▶ **Collected material**:

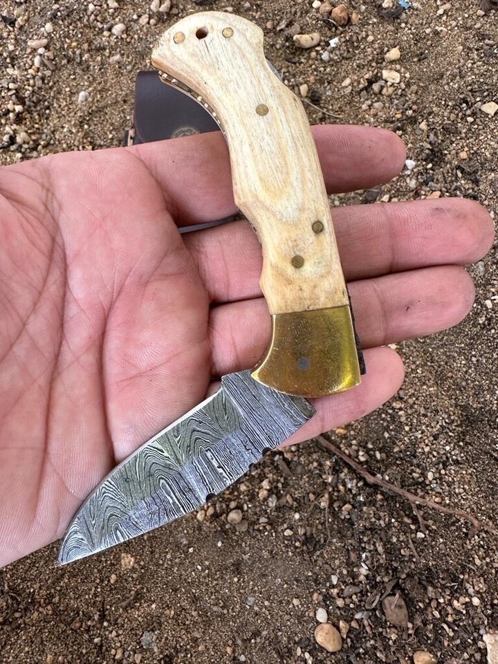 This pocket knife is a must-have for anyone who loves the outdoors. The blade material is made of high-quality Damascus steel and has a straight edge with a blade length of 2.75 inches. The knife is designed with a brown color handle made of wood and has a closed length of 3 inches, making it easy to carry around.
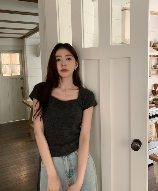 CGE888-120B 馬海毛超顯白小方領短款針織上衣(2色)
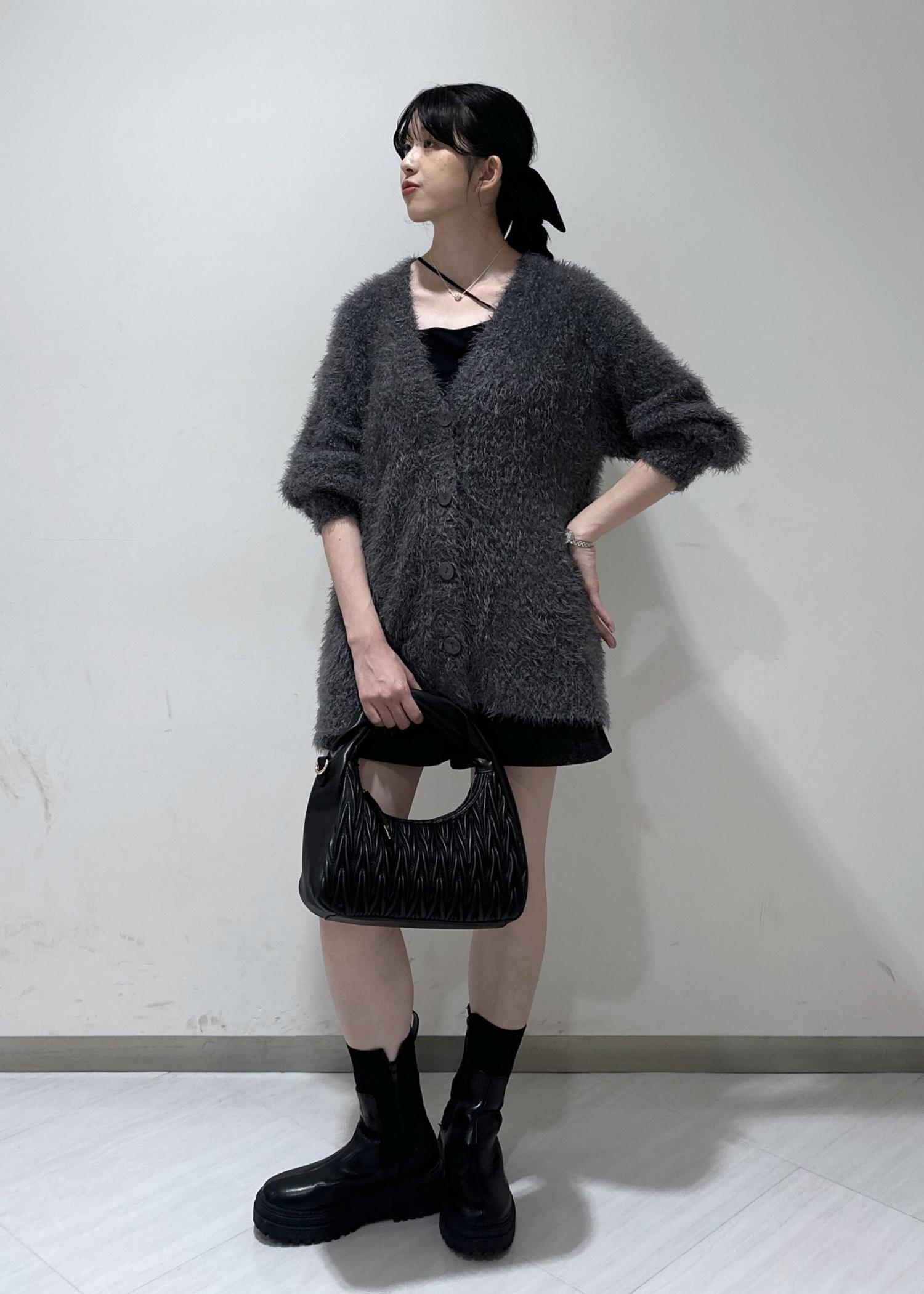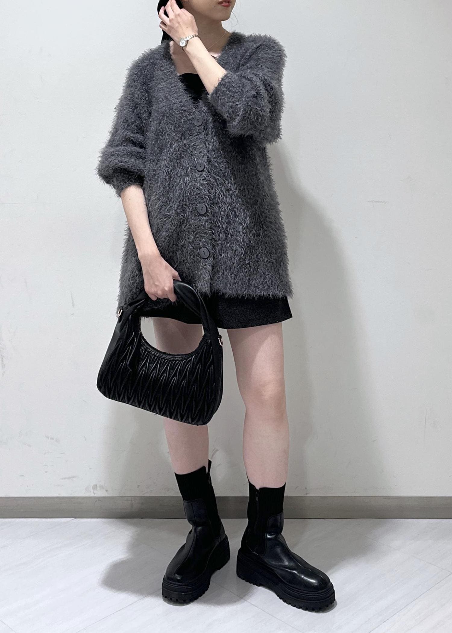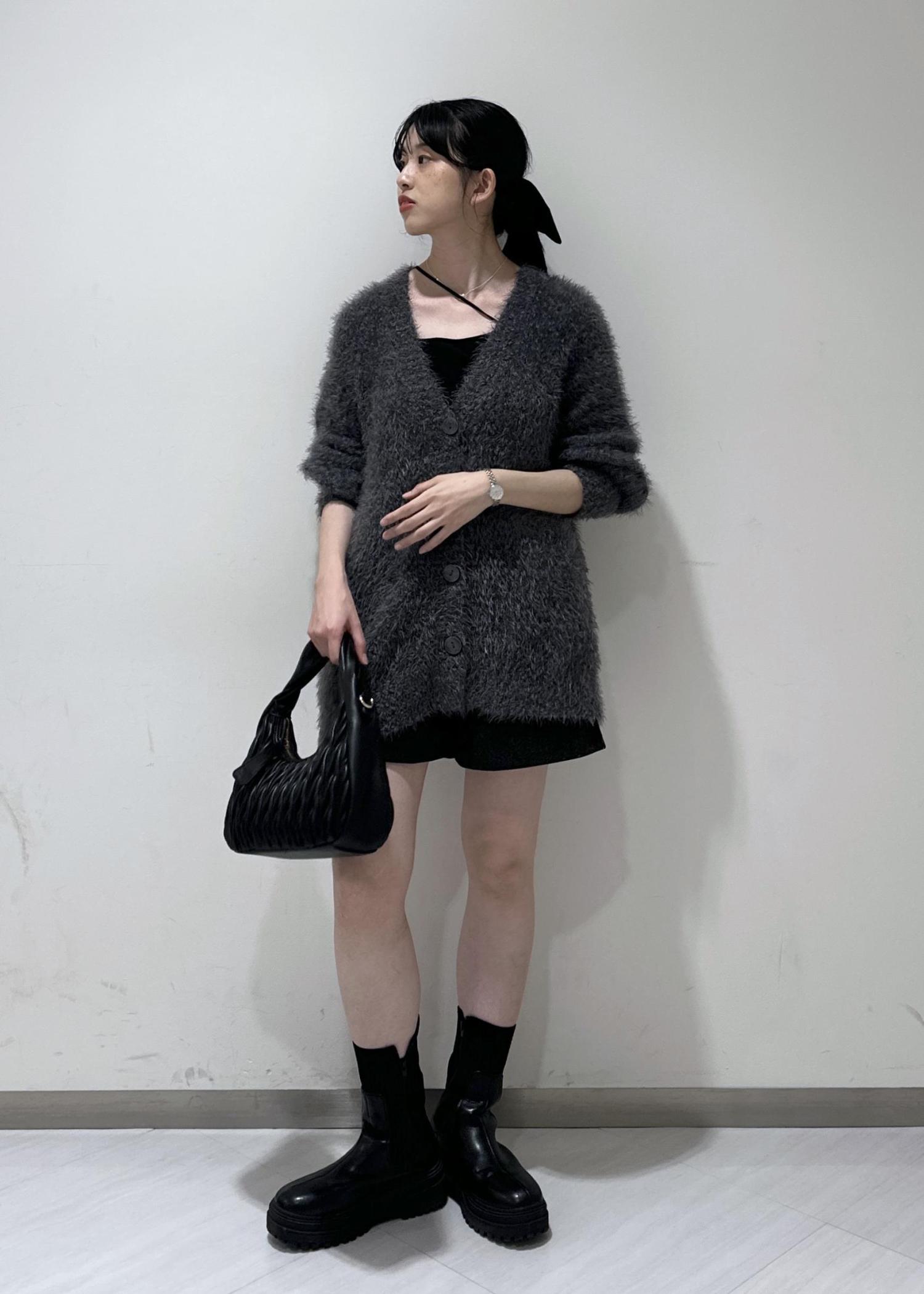 生地は厚手ですが着心地軽いので、夏日でもキャミ合わせで着られます!

▶ **Activity**: Transcribe exactly the line containing "CGE888-120B 馬海毛超顯白小方領短款針織上衣(2色)" and every line after it through the end of the listing above; pictures are not part of the copy.

▶ **Finished task**:
 CGE888-120B 馬海毛超顯白小方領短款針織上衣(2色)
 生地は厚手ですが着心地軽いので、夏日でもキャミ合わせで着られます!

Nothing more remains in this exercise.